“Eu não conhecia Ademar Casé”

Que somos um País sem memória, isso já sabemos. Mas o que contribui para que isso não mude? Muito se deve à qualidade e à diversidade da programação da televisão (canais abertos), que tem um alcance quase onisciente, onipresente e onipotente na vida das pessoas. Para verificar a qualidade e a diversidade, basta dar uma olhada na grade desses canais, para constatar do que estou falando. Quase ou nenhuma referência aos artistas e profissionais que ajudaram a construir a própria televisão nos primórdios. Nesse cenário, entra Ademar Casé, imigrante pernambucano, que foi tentar a vida e a sorte na antiga capital federal, Rio de Janeiro, nos anos 1920. De vendedor de sucesso de rádios Philips a idealizador do Programa Casé, primeiro programa comercial do rádio brasileiro, que descobriu artistas como Noel Rosa, passando pela televisão, que se iniciava, Ademar Casé foi um visionário e um Midas dos meios de comunicação, quase sem nenhum estudo. Essas e outras histórias são contadas no documentário Programa Casé – O que a Gente não Inventa, não Existe, que passa nesta terça-feira (13), com a presença do diretor, às 21h, no Espaço Unibanco de Cinema. O diretor falou com exclusividade para o site da Brasileiros, por telefone, em seu escritório, na produtora Pindorama Filmes, no Rio de Janeiro. Leia os trechos principais da entrevista.

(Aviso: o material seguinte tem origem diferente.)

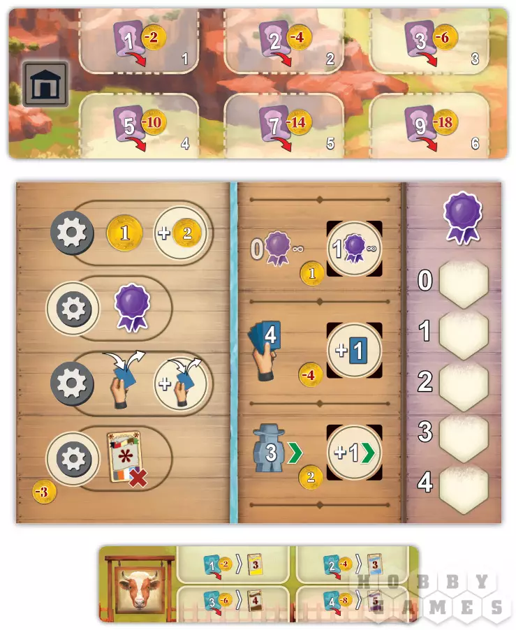 Когда пастух останавливается в той или иной локации, начинается этап действий. Вы можете построить новые здания, использовать постройки, нанять работников, купить скот, получить деньги и так далее. Каждое изображённое на жетоне действие можно выполнить только один раз, но в любом порядке. При этом у многих из них есть своя цена, которую нужно заплатить.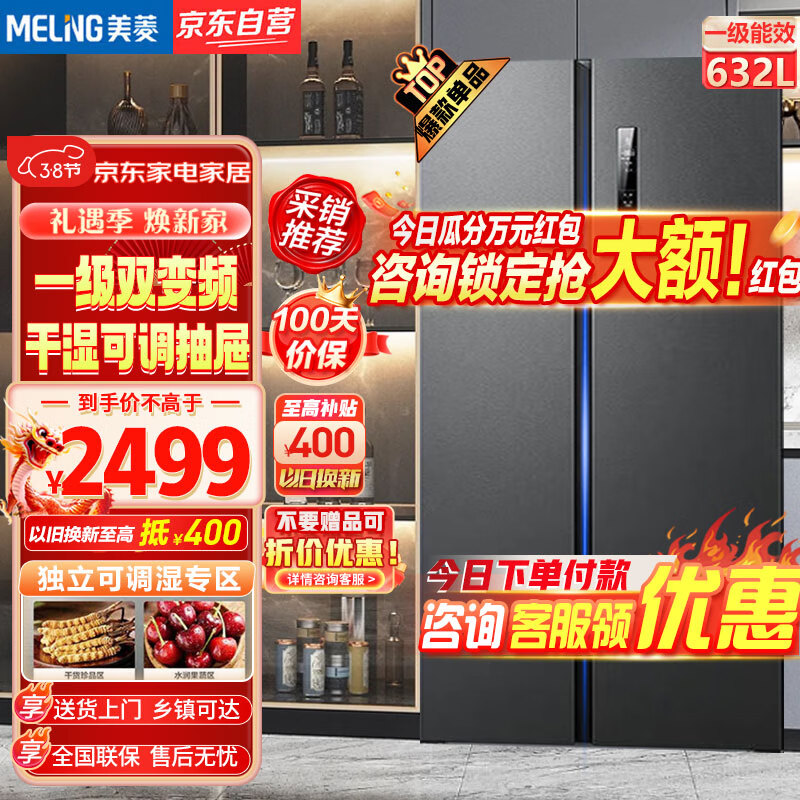 美菱(MELING) 632升对开门一级双变频风冷无霜冰箱双开门低音家用 离子净味 干湿分储 BCD-632WPUCX价格:2699.00元!

Brasileiros – Como nasceu a ideia do documentário Programa Casé – O que a Gente não Inventa, não Existe?
Estevão Ciavatta – Na verdade, não nasceu. Eu fui escolhido por ele. O material sobre Ademar Casé veio por acaso para a produtora Pindorama Filmes. A família Casé deixou depositado tudo lá. Com o passar do tempo, fui dando uma olhadinha nesse material (fotos, matérias de jornal sobre Ademar, filmes em 16 mm, roteiros, etc.) e fui descobrindo a importância dele, no sentido de pioneirismo, do rádio e da televisão no Brasil. Confesso que eu era um ignorante em relação a importância do Ademar Casé para o rádio e a televisão, principalmente o rádio. Passei dez anos para realizar o projeto.

Brasileiros – Por que tanto tempo?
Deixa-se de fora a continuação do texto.